We cannot reject the null hypothesis. We conclude that, based on this data, there is insufficient evidence to suggest the coin is biased.

Note that this does not PROVE that the coin is unbiased, it simply says that given the available data there is no reason to believe that it is biased.

NOTE: Intuitively, getting 5 out of 6 is not particularly informative – a sample of 6 is very small. If the equivalent figure of 15 out of 18 were obtained what would the decision be?

3.2.3 The \(p\) - value of a test statistic.

An alternative to working with a specific significance level is to use what is known as the \(p\) - value of the test statistic. This is the probability of getting a value as or more extreme than the sample test statistic, assuming the null hypothesis is true. Instead of giving the conclusion conditioned on the possible error as determined by the significance level, the conclusion is given together with the actual \(p\)-value. There are various ways of expressing this and some possible wordings are given with each example below.

In the example above, we had a sample test statistic of 5 heads. What is the probability of observing a value this extreme, or more extreme, if the probability of a head is \(0.5\) (i.e. if the null hypothesis is true)? From the table we want the probability of 5 or 6 heads.

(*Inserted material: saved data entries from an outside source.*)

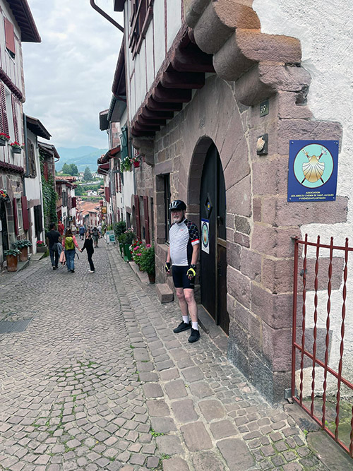 Today has been the toughest day yet. The incline on some of the climbs led us to get off and push. We get there in the end! The roads are quiet and the views amazing, so green and lush. We aimed to get to the start of the Camino by 12 noon and were only 15 minutes off that. We got our first Passport stamp in Saint Jean Pied de Port.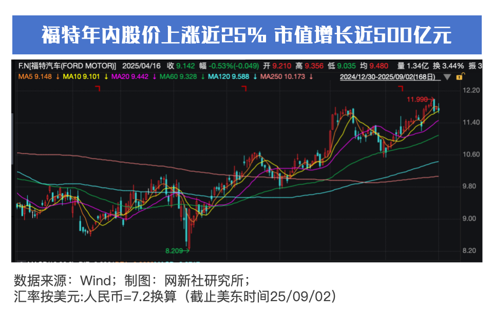 股价方面,福特汽车年内股价表现强势,涨幅约25%,市值增加近74亿美元(约合500亿元人民币),显示资本市场对公司未来前进依然乐观。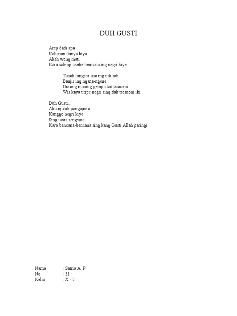 Puisi bahasa jawa puisi bahasa jawa biasa disebut dengan geguritan adalah bentuk puisi yang berkembang di kalangan masyarakat penutur bahasa jawa dan bali. Geguritan berkembang dari tembang jawa yaitu liriksajak yang mempunyai irama nada dalam bahasa indonesia disebut lagu.

If the coin is unbiased, the probability of getting 5 heads in 6 independent random tosses is \(0.09375\). The probability of getting 6 heads is \(0.01562\). Therefore, the probability of selecting a number as or more extreme than 5 is: \(0.09375 + 0.01562 = 0.10937\). Note that this can be read directly from the cumulative column of the table by realising that:

\[ Pr(X \geq 5) = 1 – Pr(X < 5) = 1 – Pr(X \leq 4) = 1 - 0.89062 = 0.10937\]

There is approximately an 11% chance of seeing something as or more extreme than the observed sample data just by pure chance, assuming the probability of a head is 0.5 – this seems like reasonable odds.


All forms of statistical inference draw on the concept of some form of theoretical or empirical statistical model that describes the values that are being measured. This model is used to describe the distribution of the chosen test statistic under the null hypothesis (that is, if the null is true).

3.3.1 The Binomial Distribution – Discrete Variable

The data and test statistic used for the coin example were a specific case of the binomial probability distribution.

binary variable - variable can have only two possible values: present-absent, yes-no, success- failure, etc.

Bernoulli trial - process of deciding whether or not each individual has the property of interest; is a success or a failure.

The sum of \(n\) independent Bernoulli trials results in a variable with a binomial distribution (a binomial random variable).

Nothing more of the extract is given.